Until now, the Bundestag has enjoyed co-determination rights that exceed virtually every other national parliament in Europe. Representatives of all political parties decided last week that these rights should now be extended. In the future, the Bundestag will have to give its approval to nearly all measures taken within the scope of the temporary euro-zone rescue fund, the European Financial Stability Facility (EFSF).
That is, of course, how things should work in a properly functioning democracy. But the situation also requires viable procedures and effective decision-making bodies -- and this is precisely where the problem lies. Veteran parliamentarians have warned that the new rules will be extremely difficult to implement, and the ECB too is alarmed. Central bank representatives have informed the German government that the reform threatens the effectiveness of the bailout packages and shifts the onus right back to the body that was actually supposed to be relieved of this burden: the ECB's governing council.

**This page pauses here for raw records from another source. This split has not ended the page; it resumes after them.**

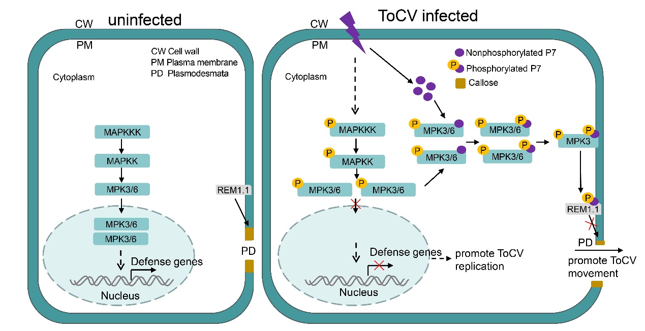 图2 tocv p7正调控mpk3/6通路并抑制胼胝质积累促进病毒侵染的模式图
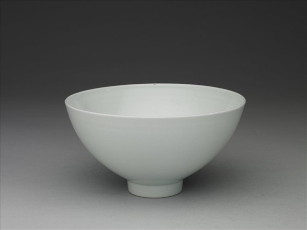 敞口,深壁上豐下斂,尖底,矮圈足,俗稱「蓮子碗」。胎質較薄,通體施甜白釉,樸素無紋飾。底有青花書「大明宣德年製」六字二行楷款,外加雙圈。
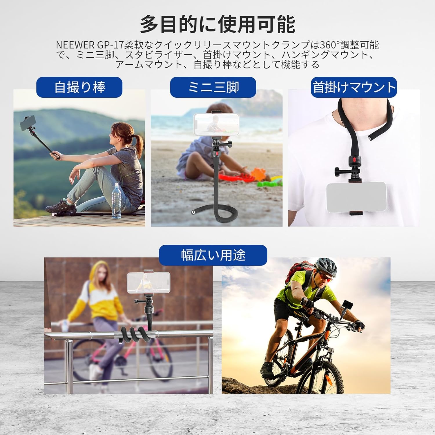 - 【多目的に使用可能】NEEWER GP-17は柔軟なカメラマウントで、撮影の可能性を無限に広げます。シリコンロッドを曲げたり回転させたりして、自転車やオートバイのハンドルバー、車のヘッドレスト、ショッピングカート、ベビーカー、スピンバイク、トレッドミル、木、柱、レール、その他無数のアイテムなど、あらゆる表面に巻き付けて簡単に使用できます。両手が自由になり、思いがけない撮影アングルが得られます。
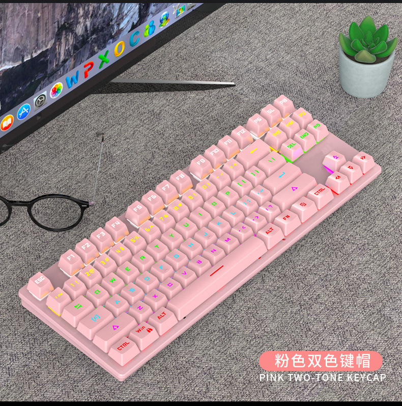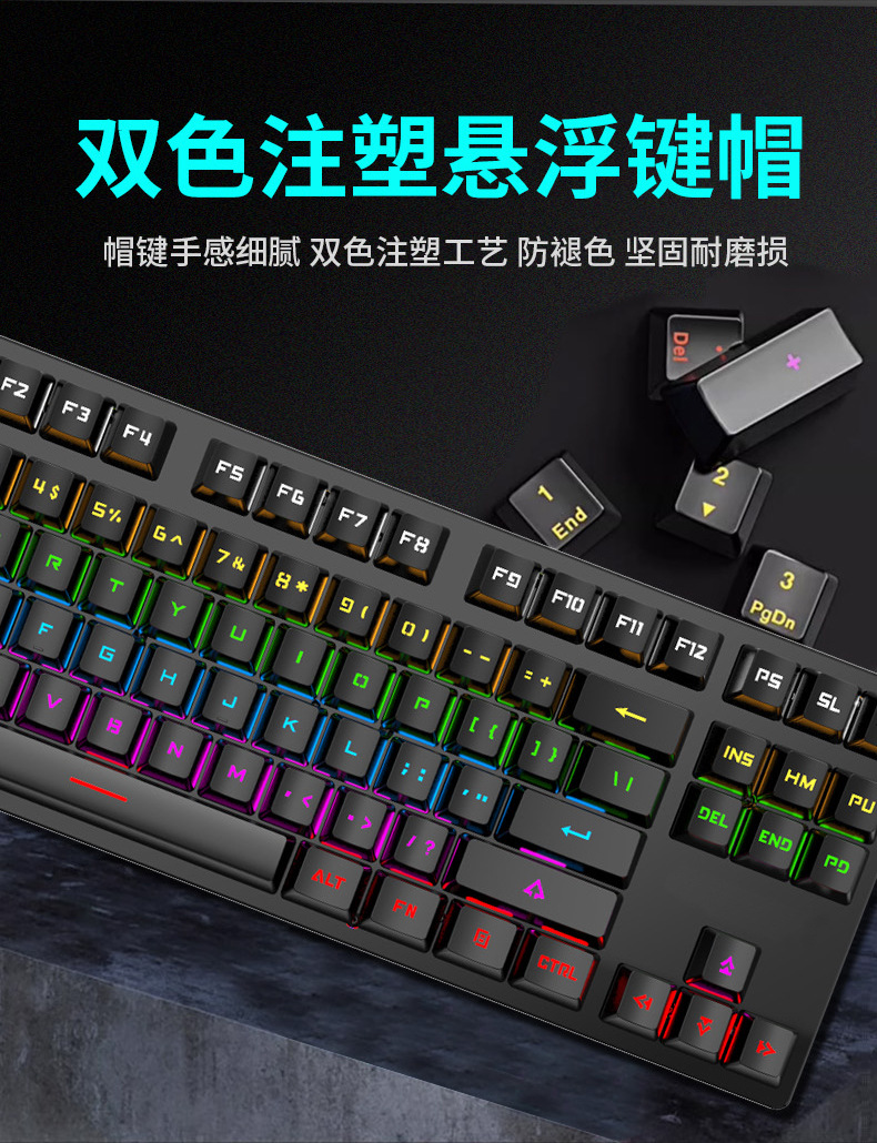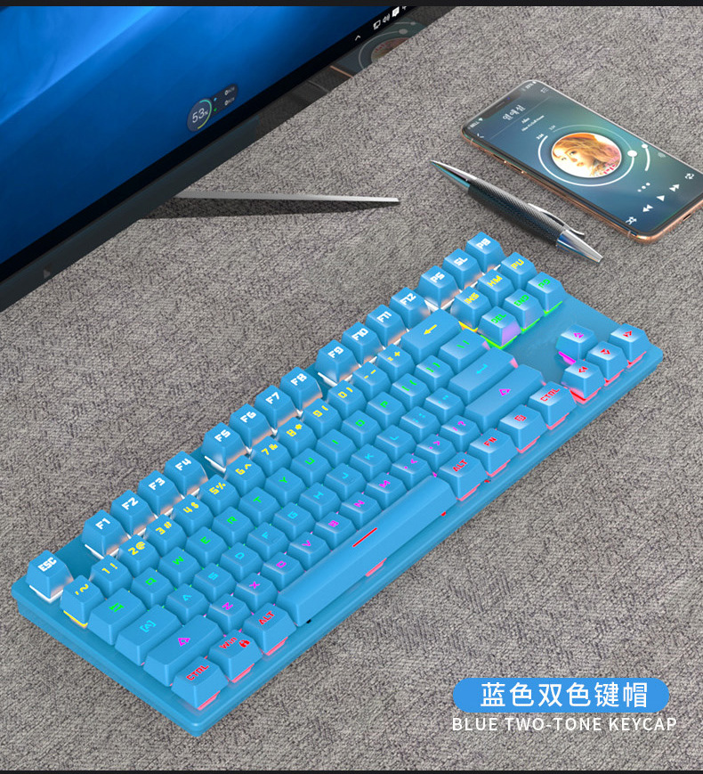 유선 87키 기계식 키보드 FVQ301 컬러 매칭 RGB 플러그인 녹색 축 게임 e-스포츠 OEM 3모드 기계식 키보드

Indeed, the parliamentarians had originally organized the monitoring of the new fund largely in line with the monetary watchdog's needs. Regardless of whether the temporary rescue fund was to aid debt-stricken countries by purchasing sovereign bonds directly from governments on the so-called primary market, or on the stock exchanges (the secondary market), the decisions were to be largely monitored by a secret committee elected by the parliamentarians. That, at least, was what the Bundestag decided last September. The parliamentarians hoped that this would prevent the euro rescuers' plans from being prematurely disclosed and effectively nullified by speculators on the financial markets.
Getting the Whole Parliament Involved
But the idea of entrusting a significant proportion of the bailout decisions to a confidential group of experts contravened the rulings of Germany's Constitutional Court. In a number of earlier decisions, the court had made reference to the special "comprehensive budgetary responsibility of the Bundestag." This led to an inevitable development: In February, the court in Karlsruhe flatly rejected the parliamentarians' proposal. After in-depth hearings with a wide range of experts, the judges said that, aside from secondary market purchases, they saw no reason why decision-making powers should be limited to a secret small committee. The court expressly indicated that the parliamentary budgetary committee was far better suited as a representative of the Bundestag.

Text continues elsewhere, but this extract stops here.